Given that the XP era has ended, I recommend that all ISVs test their current pre-9 applications under Synergy/DE 9.1.5 so they can be assured of continued customer satisfaction when the inevitable Vista machine is encountered. I also recommend that all new customer installations be V9 throughout, or at least adopt the built-under-8.3-deployed-under 9 model described above.
Don’t forget support for your non-Synergy/DE products
In my last post, I talked about some issues with Windows Server 2008 and Vista SP1 that caused me to recommend not upgrading to them yet. These issues represent just one example where an operating system problem might hinder performance for our customers.
In another example, we recently had a customer report that it was taking our SQL OpenNet server 20 times longer to retrieve records from a SCO OpenServer 6 or UnixWare system than from SCO OpenServer 5.0.6. We tracked this down to a bug in the SCO implementation of the Nagle algorithm on the TCP/IP stack. We produced a simple C program that was sent to SCO and a fix is pending.
While we were able to assist the customer in the above situation, this isn’t always the case. We try hard to reproduce operating system and other layered product problems with our support team even when Synergy/DE is not at fault, but we unfortunately can’t support every OS and product in the field.
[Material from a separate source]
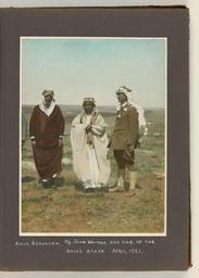 Keywords: Meetings of British, Arab, and Bedouin officials in Amman, Jordan, April 1921 - File 03.tif en Photographs show meetings between Arab Bedouin and British officials around April 17-27 1921 at Amir Abdullah ibn Hussein's camp at Amman Jordan During these meetings British High Commissioner Herbert Samuel proclaimed Amir Abdullah as the ruler of Transjordan under British protection Among the persons depicted are Amir Abdullah John D Whiting possibly Sheik Sultan of the Belka Sultan ibn 'Ali id Diab ul 'Adwan Amir Shaker bin Zeid future Regent of Transjordan Bedouin chief Auda Abu Tayi Sheik Majid Pasha el Adwan Herbert Samuel British civil administrator Wyndham Deedes British diplomat Albert Abramson T E Lawrence Lawrence of Arabia and possibly Iraq civil administrator Gertrude Bell Also shown are horse racing an airplane landing at Abdullah's camp Circassian leaders Abudullah's bodyguard on camels and Herbert Samuel reading his proclamation of Abdullah as leader of Transjordan Reproduction Number LC-DIG-ppmsca-15304 digital files of original photos LC-DIG-ppmsca-15305 digital files of album pages Rights Advisory No known restrictions on publication Access Advisory For reference access please use the digital images in the online catalog to preserve the fragile original items Notes Photographs were created by the photographers of the American Colony Photo Department located in Jerusalem Founded in the late 1890s by Elijah Meyers the photo agency was headed during its heyday ca 1903-1933 by Lewis Larsson whose staff photographers included Erik Lind Lars Lind Furman Baldwin and G Eric Matson It transitioned into the Matson Photo Service around 1940 with photography by Matson Hanna Safieh Joseph H Giries and others John D Whiting contributed periodically to the work of both agencies The images in this album were probably taken by Lewis Larsson and/or Eric Matson For more information see http //hdl loc gov/loc pnp/pp matpc and http //www loc gov/rr/print/coll/629_whiting html Some caption information for these photographs based on information from matching negatives in the G Eric and Edith Matson Photograph Collection LC-M32-1942 LC-M32-1952 LC-M32-1951 LC-M32-1954 LC-M32-1956 M32-1957 and LC-M32-50280-x Album unpaginated album page numbers supplied by Library staff Pages 1-2 and verso of each page are blank One unattached photograph was found with the album and is stored with it Photograph is a portrait of a Jordanian man in traditional dress Blind stamp Hagop Berberian Amman Stamped on verso Copyright reserved By appointment to H M the King photographers Hagop Berberian Son More information about the events and people depicted in the album are available in the John D Whiting Supplementary Archive Box 1 LOT title devised by Library staff John D Whiting's diaries correspondence and other materials are located in the Library of Congress Manuscript Division Papers of John D Whiting Forms part of Visual materials from the papers of John D Whiting Library of Congress Transfer; Manuscript Division; 2006; DLC/PP-2006 051 29 Subjects Samuel Herbert Louis Samuel --Viscount --1870-1963 Lawrence T E -- Thomas Edward --1888-1935 Abdullah --King of Jordan --1882-1951 Deedes Wyndham Henry --Sir --1883-1956 Shākir ibn Zayd --Prince son of Zayd ibn Fawwāz Amir of Ṭāʾif --1885-1934 Bell Gertrude Lowthian --1868-1926 Jordan--History--1919-1946 American Colony Jerusalem --People--1920-1930 British--Jordan--Amman--1920-1930 Arabs--Jordan--Amman--1920-1930 Bedouins--Jordan--Amman--1920-1930 Circassians--Jordan--Amman--1920-1930 Tribal chiefs--Jordan--Amman--1920-1930 Meetings--Jordan--Amman--1920-1930 Camps--Jordan--Amman--1920-1930 Government officials--Jordan--Amman--1920-1930 Biplanes--Jordan--Amman--1920-1930 Proclamations--Jordan--Amman--1920-1930 April 17-27 1921 http //www loc gov/pictures/item/mpc2010001545/PP/resource/ Whiting John D John David 1882-1951 photographer Larsson Lewis photographer Matson G Eric Gästgifvar Eric 1888-1977 photographer other versions Wikimedia Levant - GLAM PD-Jordan 1921 Herbert Samuel and Amir Abdullah meetings |

There is an increasing need for our ISVs and end customers to maintain software support contracts with the vendors they work with to solve problems.
In many cases the problems we come across are third-party interaction issues (like virus scanners) and configuration issues with the OS that are beyond the scope of Synergy/DE support. A prime example of this is the use of operating system virtualization, where Synergy/DE is supported on the target OS, and the virtualization software acts as a hardware layer underneath the OS. As we have found out, Microsoft will not entertain any calls being logged if the problem is not reproducible in a non-virtual environment. So just as the device drivers of a server require a maintenance contract with the hardware supplier, so the use of virtualization software requires the same (effectively hardware) support contract with the virtualization supplier.
So I recommend you evaluate the level of support you may need for your non-Synergy/DE products and then obtain the appropriate support contracts.